Computational simulation of JAK/STAT signaling in somatic versus germline stem cells

Background The Janus kinase/signal transducer and activator of transcription (JAK/STAT) signaling pathway regulates a variety of cellular processes. A major activation event in this pathway involves the phosphorylation of a tyrosine of STAT, converting unphosphorylated STAT (uSTAT) to phosphorylated STAT (pSTAT), an active transcription factor. In a noncanonical role, uSTAT contributes to the maintenance of heterochromatin stability. As such, an increase in pSTAT concurrently reduces uSTAT, resulting in heterochromatin loss, as observed in Drosophila somatic tissues. Paradoxically, an opposing phenomenon occurs in Drosophila male germline stem cells (GSCs), where the JAK/STAT pathway remains persistently active due to a continuous supply of ligands. Here, computational simulations were employed to dissect JAK/STAT pathway activation under different cellular contexts, mimicking somatic and germline cells. In these simulations, ordinary differential equations were leveraged to replicate the chemical reactions governing JAK/STAT signaling under different conditions.
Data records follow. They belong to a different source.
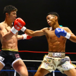 武居の右ストレートが玖村の顔面にめり込む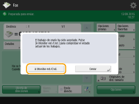 <Informe de TX> puede configurar que se imprima automáticamente el informe con la lista de resultados del envío.Cuando se introducen múltiples hojasSe detendrá el escaneado y aparecerá el mensaje en pantalla. Siga las instrucciones para eliminar el atasco. Cuando haya eliminado el atasco, aparecerá la pantalla de reanudación de trabajo. Si el equipo detecta erróneamente alimentación múltiple de hojas, pulse <No detectar alimentación de varias hojas> para reanudar el escaneado.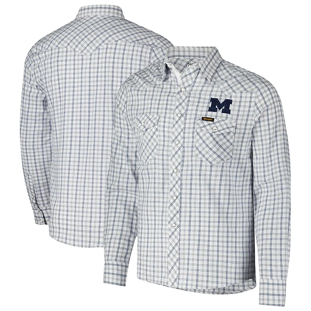 Men's Colosseum x Wrangler White Kansas Jayhawks Plaid Window Pane Long Sleeve Full-Snap Shirt

Results The outcomes indicate that transient ligand stimulation, typical in somatic tissues, led to a momentary reduction in uSTAT levels. Conversely, sustained ligand stimulation, a characteristic feature of the GSC niche, resulted in elevated uSTAT levels at equilibrium. Conclusion The simulation suggests that the duration of ligand exposure could explain the observed opposite effects of JAK/STAT activation on heterochromatin in somatic versus GSCs. Key Findings Transient ligand stimulation, which occurs in somatic tissues, causes a transient decrease in uSTAT levels. Sustained ligand stimulation, known to happen in the GSC niche, results in elevated uSTAT levels at equilibrium. Thus, ligand duration could explain the observed opposite effects of JAK/STAT activation on heterochromatin in somatic versus germline cells.